In sum, multiple-choice and constructed-response items provide different but 
complementary evidence for diagnosis. In developing a diagnostic assessment, it may be very 
useful to use these item types together. 

Supporting Frameworks 

The outcome aspect of validity refers both to test interpretation and test use (Messick, 
1989, p. 20). Both are important to consider in the design and implementation of diagnostic 
assessment.
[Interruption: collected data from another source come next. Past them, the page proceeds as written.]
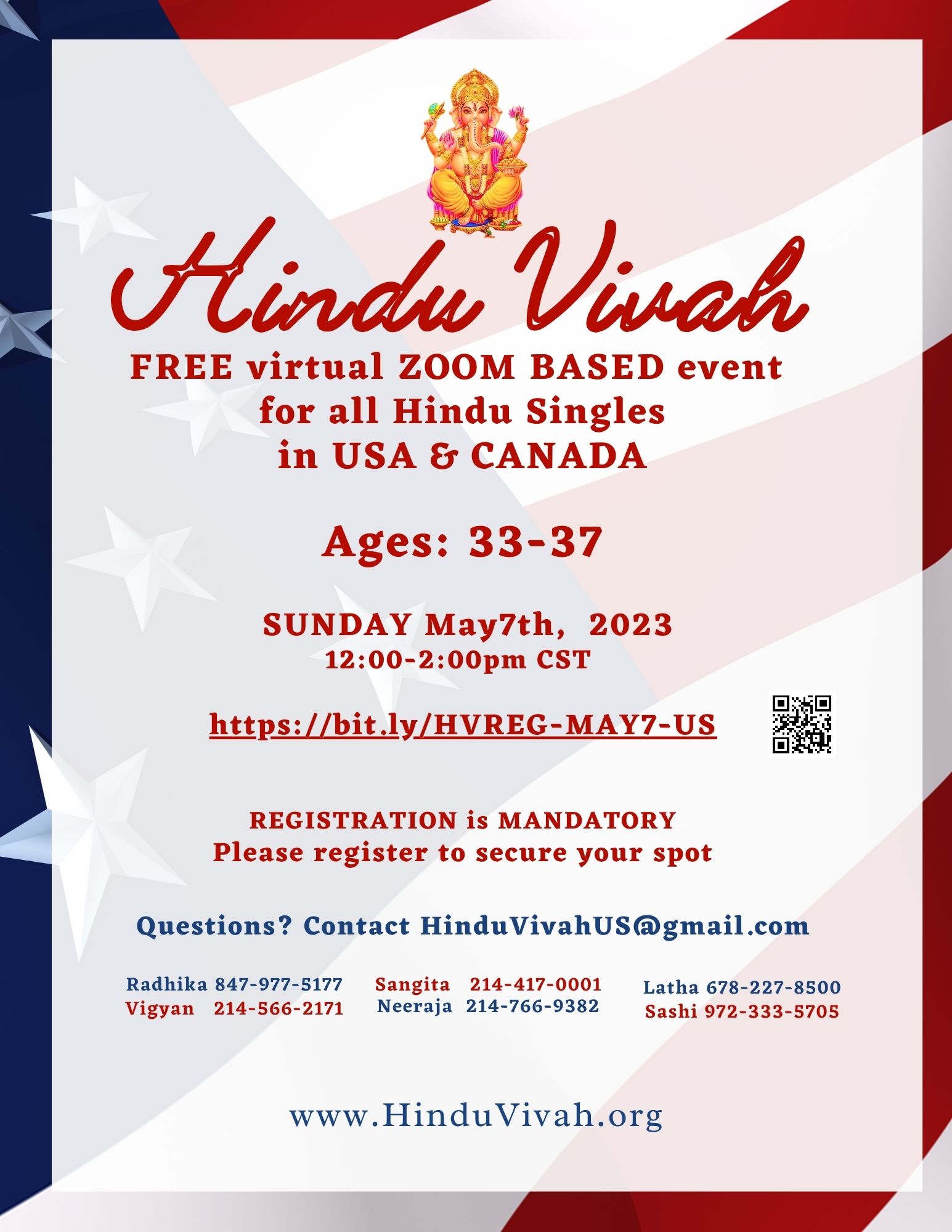 Free Virtual Zoom Based event for Hindu Singles in USA & Canada Ages 33-37 on May 7th 2023
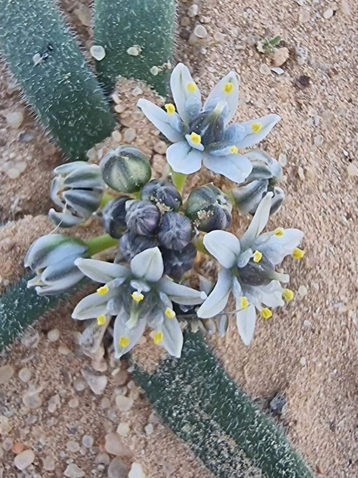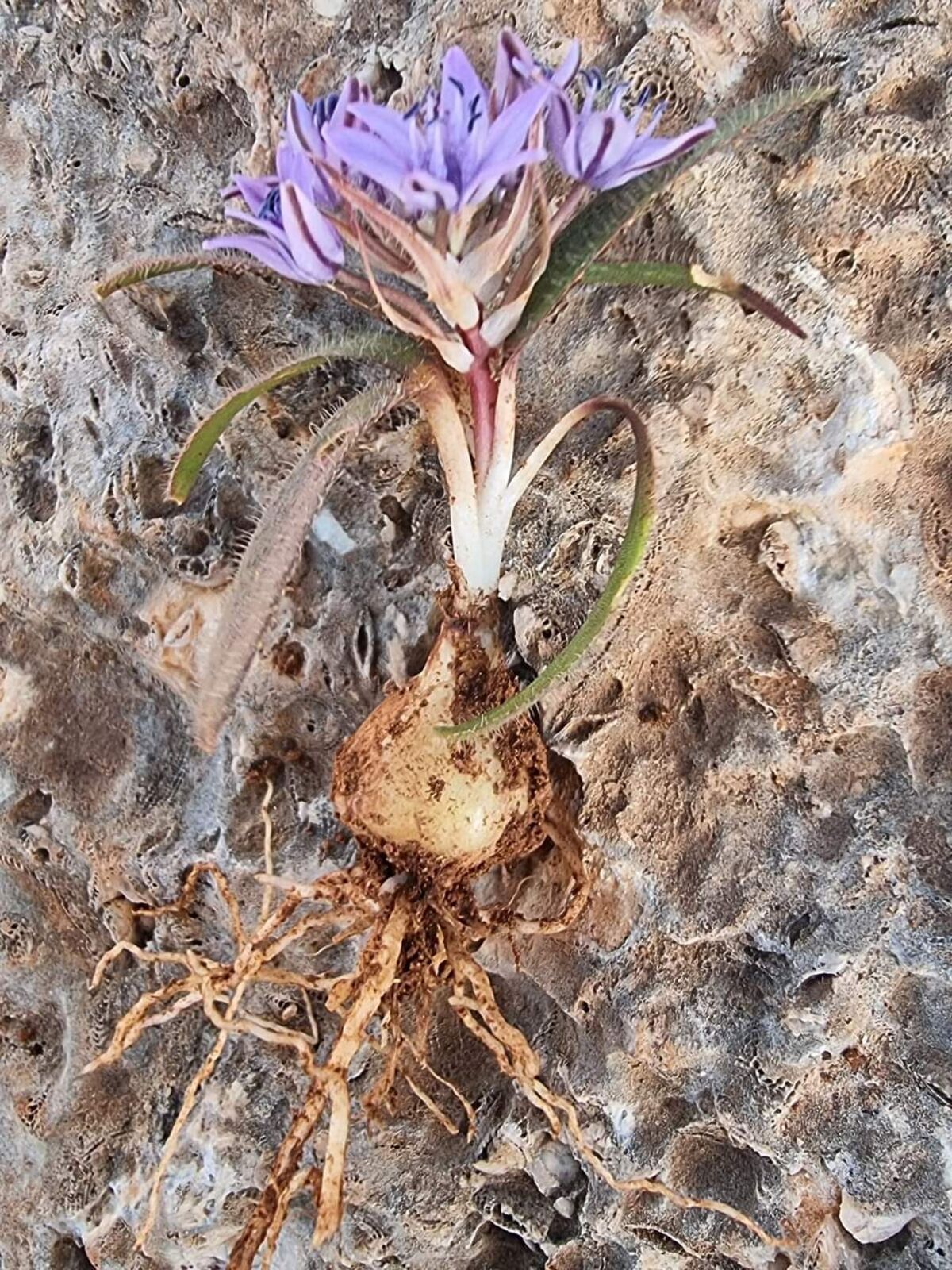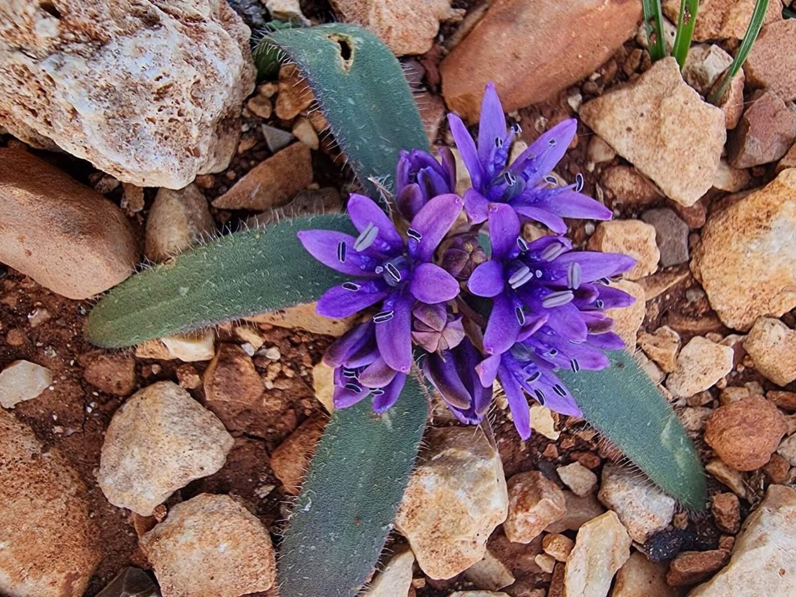 Scilla villosa Desf. / Homotypic Synonyms: Oncostema villosa (Desf.) Raf., it is a bulbous geophyte, similar to the Scilla peruviana L., but much smaller; roots fibrous, attached to discoid, rhizomatous stem. Bulb ovoid to spherical membranous with papery tunics, 1-3 cm diam.; outer tunics brownish. Leaves basal, usually spreading on ground, lanceolate, dark-green in colour, basal portion whitish to reddish, leaf margins ciliate, lower surface villose and the upper usually glabrous, 7-10 x 0.7-0.8 cm with ± attenuate tip. Scape cylindrical, 3-6 cm long, glabrous. 3-12-flowered. Flowers pedicellate; pedicels 0.7-1 cm long; bracts linear to oval lanceolate, membranous, uninerved and margin ciliate. Perianth ± stellate. Tepals 6, free, oblong-lanceolate uninerved, with papiliose tips, violet-rosaceous to dark violet, 5·6 x 1.5-2 mm. Stamens 6, shorter than tepals; filaments filiform, broad at base and attenuating towards the tip. Anthers ± oblong, midifixed, yellowish in colour. Ovary and style pear-shaped with capitate stigma. Capsule ovoid acuminate, 3-angled. Seeds ovoid black, c. 3 mm long.
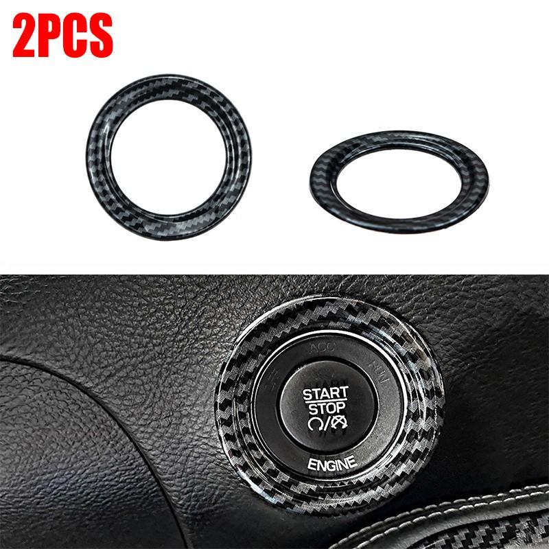 Carbon Fiber Engine Start Push Button Ring Trim Set For Dodge Challenger 15-2020

Ideally, the construct is fully specified before item development begins. 

Increasingly, assessments are developed in accordance with cognitive models (e.g., Gorin, 2006). 
Gorin distinguished between more general cognitive models developed for the purpose of 
construct definition and more specific cognitive models specific to an item or item type. 
Although this paper focuses primarily on applications of the latter, it is assumed that cognitive 
models at both levels should be developed, and that a cognitive model that explains the construct 
should be drafted first. Following each round of empirical validation or evaluation for logical 
consistency between cognitive models at different levels, the models are typically refined. 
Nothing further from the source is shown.